Exercise material:
▽
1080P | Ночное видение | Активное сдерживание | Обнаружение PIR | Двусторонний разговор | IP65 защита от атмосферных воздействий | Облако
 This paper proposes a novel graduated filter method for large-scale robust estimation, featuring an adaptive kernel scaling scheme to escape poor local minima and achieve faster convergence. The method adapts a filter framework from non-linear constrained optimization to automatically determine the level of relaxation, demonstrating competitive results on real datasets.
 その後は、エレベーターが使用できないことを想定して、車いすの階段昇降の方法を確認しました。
△
▽
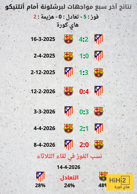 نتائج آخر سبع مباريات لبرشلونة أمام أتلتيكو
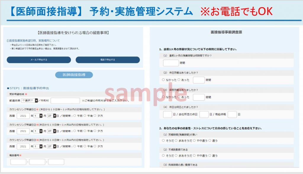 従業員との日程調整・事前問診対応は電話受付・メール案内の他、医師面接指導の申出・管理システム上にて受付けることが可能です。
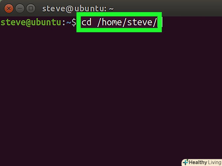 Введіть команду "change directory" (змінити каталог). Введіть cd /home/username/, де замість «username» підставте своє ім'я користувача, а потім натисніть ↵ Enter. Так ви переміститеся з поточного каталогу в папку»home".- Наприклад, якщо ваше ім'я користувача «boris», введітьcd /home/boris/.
△
▽
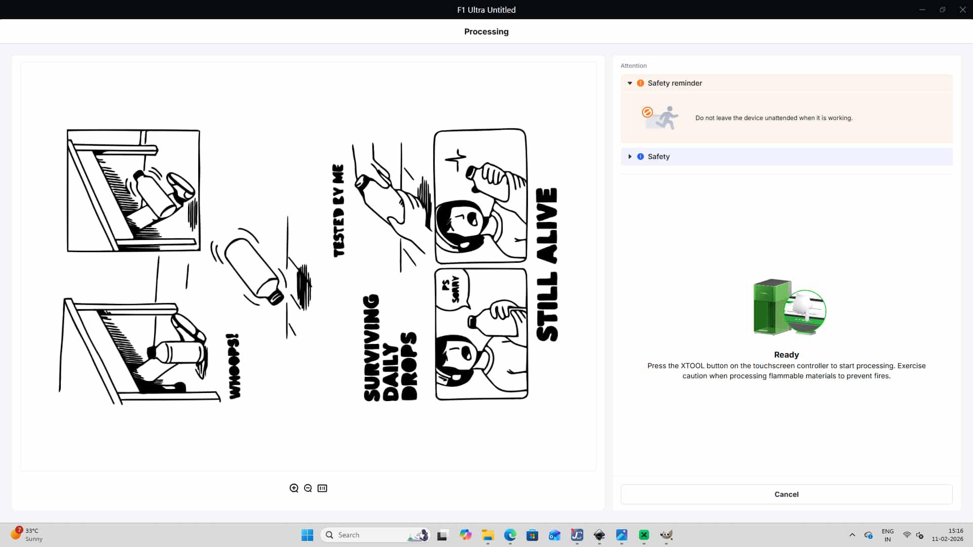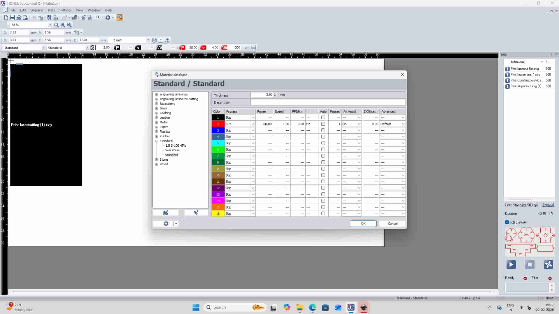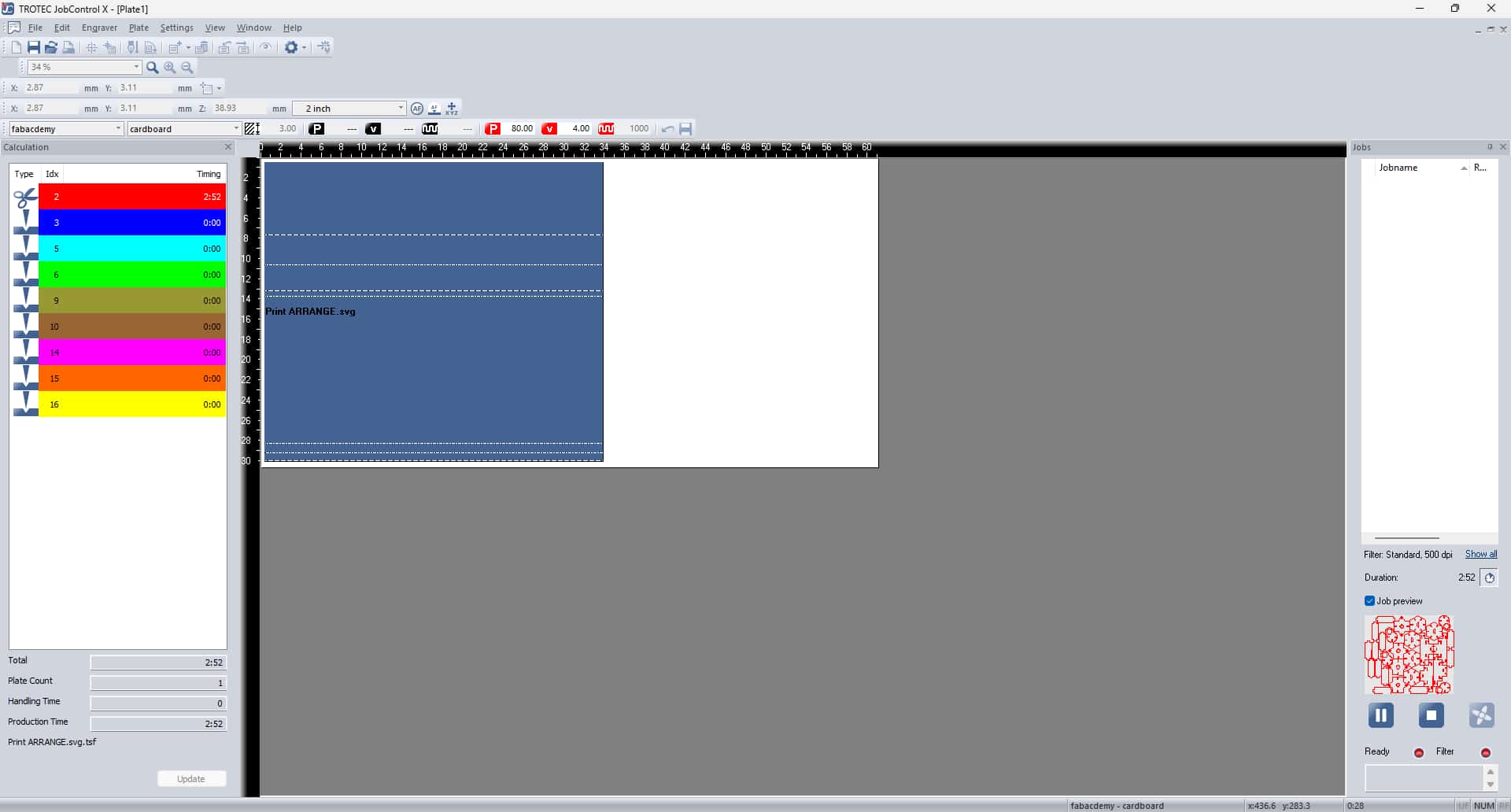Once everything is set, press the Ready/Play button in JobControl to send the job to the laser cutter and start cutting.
△
Nothing outside the stretch above, from the line with "نتائج آخر سبع مباريات لبرشلونة أمام أتلتيكو" through the line with "(змінити каталог). Введіть", is set down. Transcribe that stretch exactly, ends included, but not its pictures.

 نتائج آخر سبع مباريات لبرشلونة أمام أتلتيكو
 従業員との日程調整・事前問診対応は電話受付・メール案内の他、医師面接指導の申出・管理システム上にて受付けることが可能です。
 Введіть команду "change directory" (змінити каталог). Введіть cd /home/username/, де замість «username» підставте своє ім'я користувача, а потім натисніть ↵ Enter. Так ви переміститеся з поточного каталогу в папку»home".- Наприклад, якщо ваше ім'я користувача «boris», введітьcd /home/boris/.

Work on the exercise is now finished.